Exercise: Only one stretch of the material below is wanted: everything from the line containing "This impressive necklace" down to the line containing "Kolové šrouby M14x1,5x27", both ends included. Repeat it exactly and skip the pictures.

———

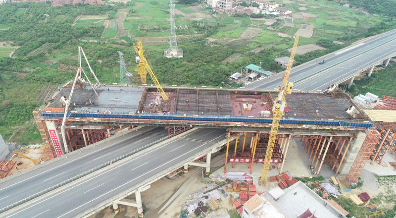 此次合龍段位于梅山特大橋24-25號(hào)墩,采用1-112米提籃拱跨越既有莆永高速公路岐厝高架橋,與高速公路斜交39度,系梁全長(zhǎng)116米,橋面寬19米。
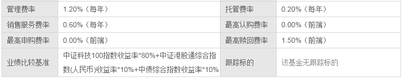 该基金的投资范围广泛,包括国内依法发行上市的股票(含主板、创业板、存托凭证)、港股通标的股票、债券、资产支持证券、货币市场工具、金融衍生品等。股票投资占基金资产的60%-95%,其中港股通标的股票投资比例不得超过股票资产的50%,投资于科技主题股票的比例不低于非现金基金资产的80%。基金的业绩比较基准为:中证科技100指数收益率80%+中证港股通综合指数(人民币)收益率10%+中债综合指数收益率10%。
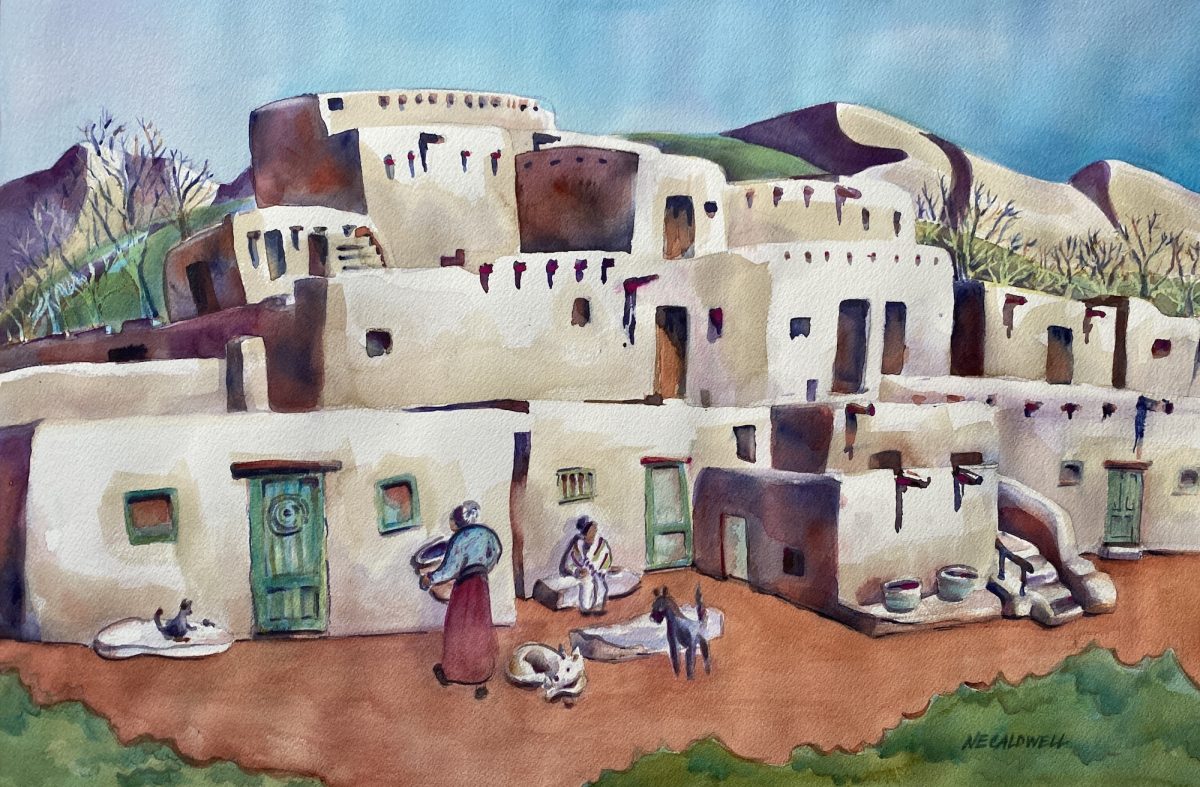 251110-024-HLF, Pueblo Life, watercolor
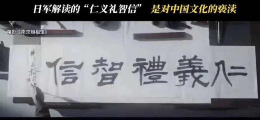 二、中日有可能成为朋友吗? 不能。原因就在于教员说的第二个敌人:军国主义。 军国主义是一种极端化的国家意志,一种将国家机器彻底军事化、奉行对外侵略扩张的文化毒瘤。 在军国主义的逻辑里,人不再是目的,而是实现“帝国伟业”的手段和燃料。“人”的概念被消解,只剩下士兵、资源、征服对象。 电影中日本士兵从开始不敢杀人到后面以杀人为乐,就能看出军国主义为人的异化。 当一部国家机器被军国主义彻底绑架,它便丧失了以“人”的平等、尊重、情感为基础建立“朋友”关系的可能。 因此,军国主义本身,就是友谊与人性的天敌。 电影里看到“仁智礼仪信”的书法真是讽刺。文化上看,日本趴在我们家门口,被我们投喂了两千多年,到头来还是像野生的狼一般,怎么养都喂不熟。而野狼,不同于家狗的明显区分点就是:军国主义
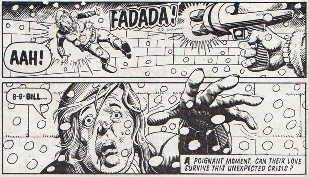 Fadam! Badam! Nun überschlagen sich die Ereignisse. Bill erschießt den John-Carlisle-Fanboy, Dredd muss reagieren und feuert auf Bill.
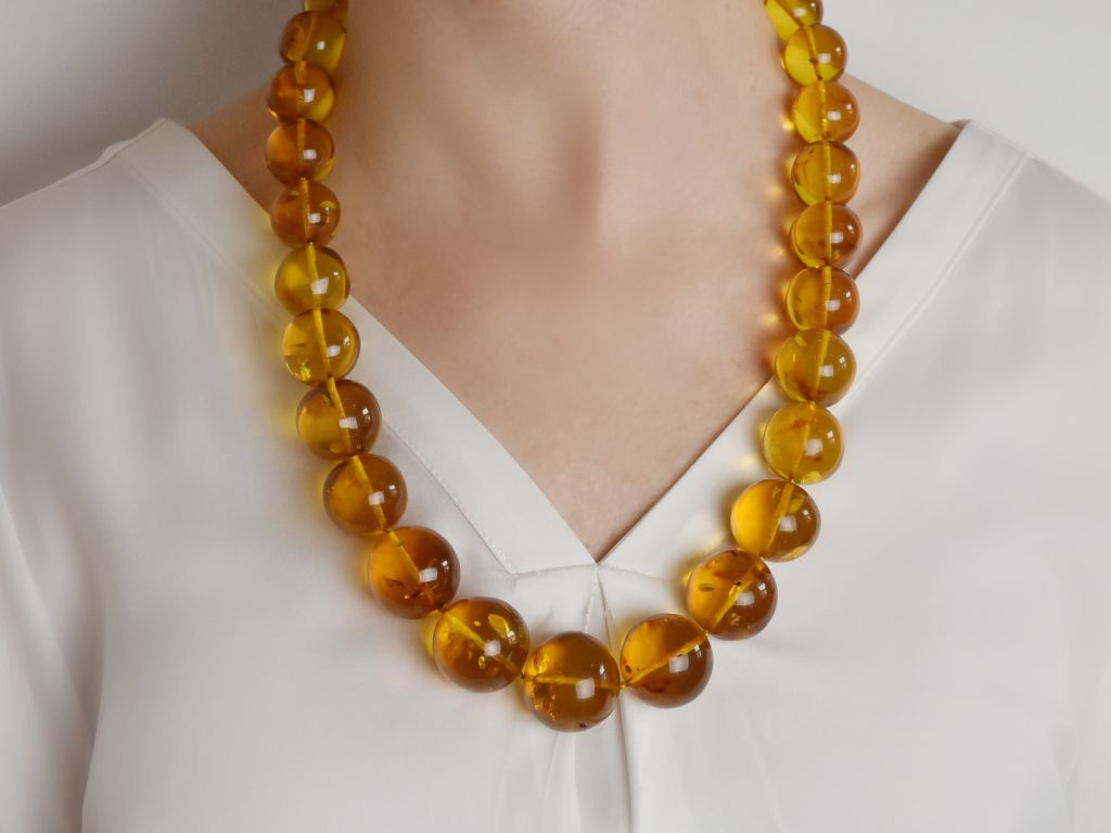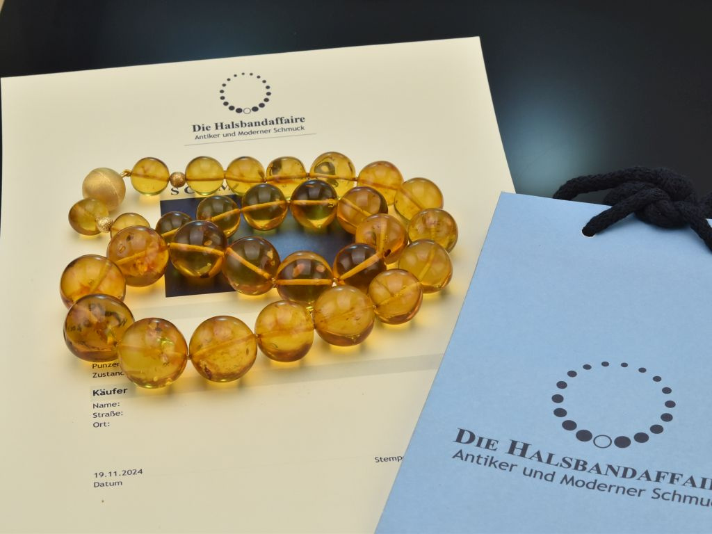 This impressive necklace consists of beautiful, polished amber balls of remarkable size. Baltic amber is particularly impressive due to its interesting, lively inclusions, known as sunflints, which create particularly beautiful light reflections.
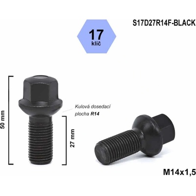 Kolové šrouby M14x1,5x27 mm s kulovou dosedací plochou R14 na originální litá i plechová kola Mercedes Benz S17D27R14F-BLACK. Pozor! Není určen pro litá kola AMG a Mercedes E...
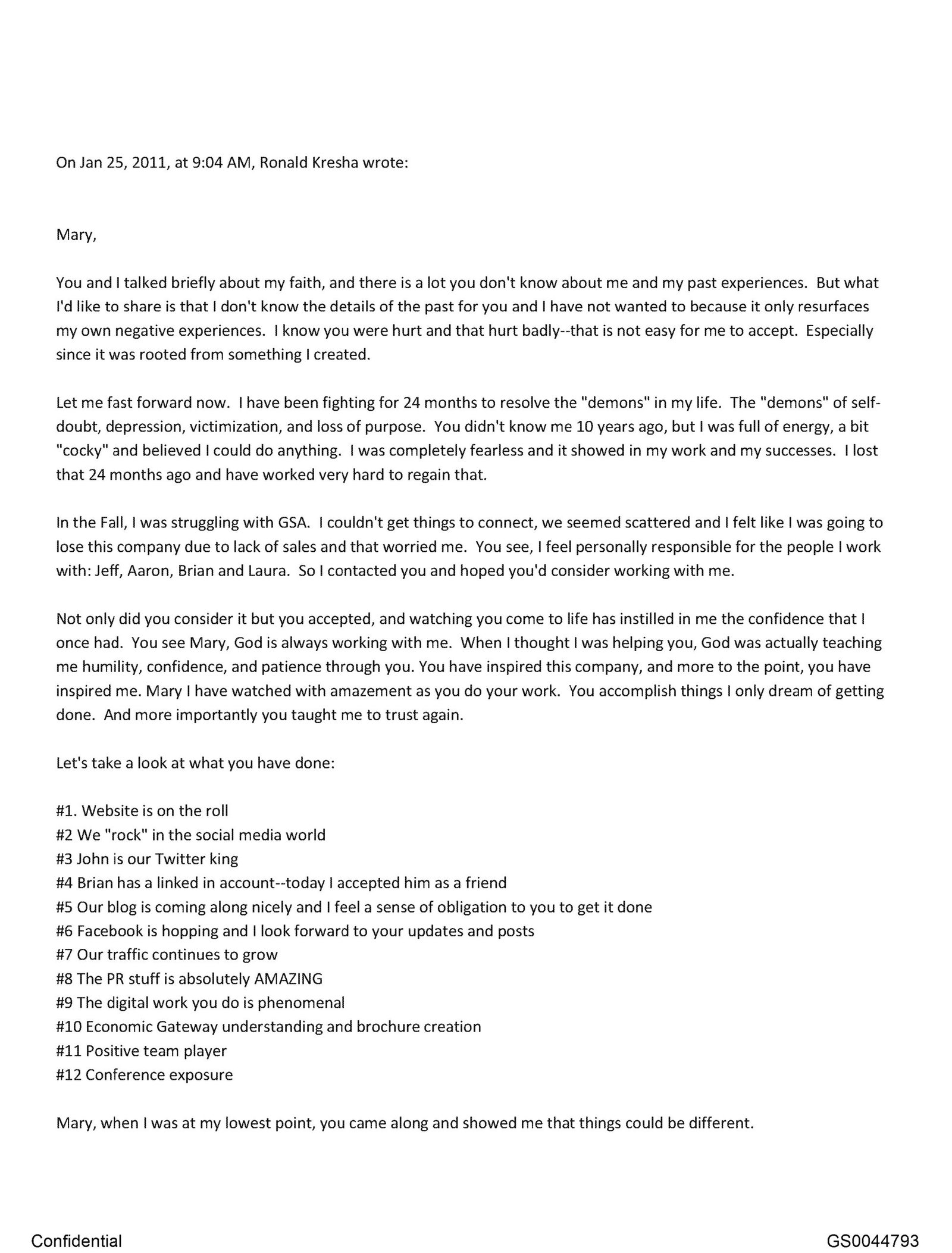 Mary Whelan was instrumental in Golden Shovel Agency cementing that first big sale, but then Ron Kresha withheld the payments and promises he had made to her. Email dated February 4, 2011 from Ron Kresha to Golden Shovel Agency staff praising a major contract win, crediting Mary Whelan for marketing efforts that advanced the company’s success, and discussing leveraging the deal for future growth.
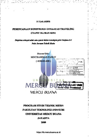 FADLY, MOCHAMMAD (2009) PERENCANAAN KONSTRUKSI OVERHEAD TRAVELING CRANE UKURAN MINI. S1 thesis, Universitas Mercu Buana Jakarta.
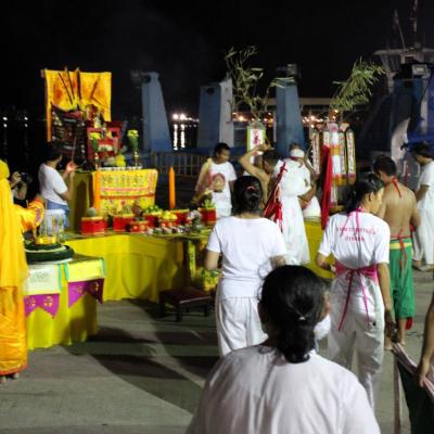20/10/63 (19.30) น.ส.สุธัญญา สุขรมย์ ผู้อำนวยการกองกิจการขนส่ง อบจ.สงขลา ได้ให้ความอนุเคราะห์พื้นที่บริเวณท่าเทียบเรือแพขนานยนต์ทั่ง 2 ในการจัดงานพิธีกับทางศาลพระแม่กวนอิมสวนหมาก และประชาชนผู้มาร่วมพิธี ในการจัดพิธีกรรมทางน้ำโดยการขอขมาเจ้าสมุทร และลอยกระทงโปรดวิญญาณทางน้ำ เนื่องในงานเทศกาลถือศีลกินเจ ณ บริเวณท่าเทียบเรือแพขนานยนต์ อบจ.สงขลา
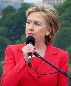 Hillary Clinton stands on Rainbow Bridge to announce plans to revise Canada/U.S. Great Lakes Water Quality Agreement. File photo by Doug Draper
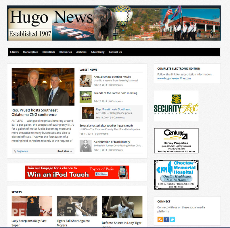 What a great new website for Hugo News, in Hugo Oklahoma. This website contains so many great features, including a RSS feed for newly posted news. It is a content management site, that the client can go in and add their new posts on the latest news in Hugo, driven by WordPress. Extra features for analytics of site traffic and SEO. And, this is a responsive website that can be viewed on mobile devices. Below are before and after images of their website. Check out Hugo News live website here.
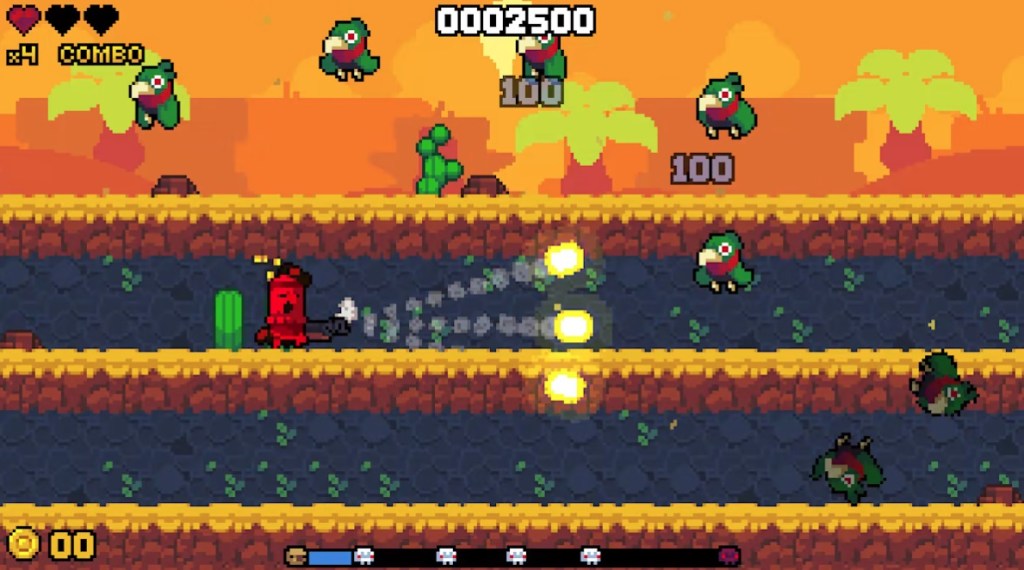 tl;dr – High Noon Revolver is an Arcade-style Action-Platformer with Auto-Runner and Roguelike elements and a Wild West theme. The characters and their firing rate are both sluggish, and so too is the frequency with which you unlock new characters. However, for a mere $3, this is worth a look if the premise sounds interesting to you.
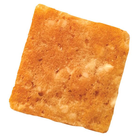 จุดเด่น >> ไม่มีแป้งสาลี ไม่มีน้ำตาล ไม่มีเนย
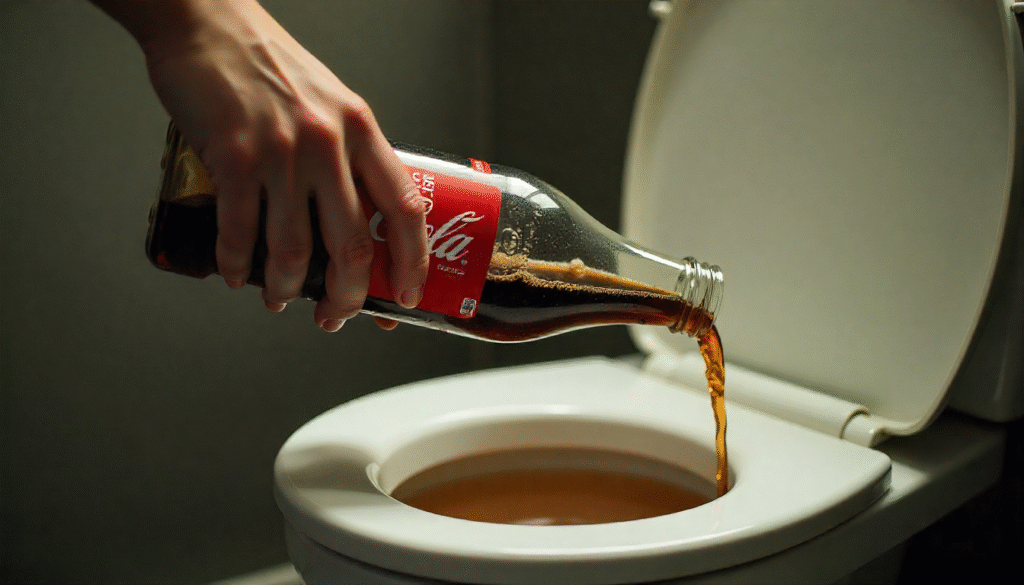 Есть разные способы убирать налет из чаши унитаза. Один из них – с использованием кока-колы. Этот газированный напиток обладает эффективными моющими свойствами.

———

Answer to this exercise:
 This impressive necklace consists of beautiful, polished amber balls of remarkable size. Baltic amber is particularly impressive due to its interesting, lively inclusions, known as sunflints, which create particularly beautiful light reflections.
 Kolové šrouby M14x1,5x27 mm s kulovou dosedací plochou R14 na originální litá i plechová kola Mercedes Benz S17D27R14F-BLACK. Pozor! Není určen pro litá kola AMG a Mercedes E...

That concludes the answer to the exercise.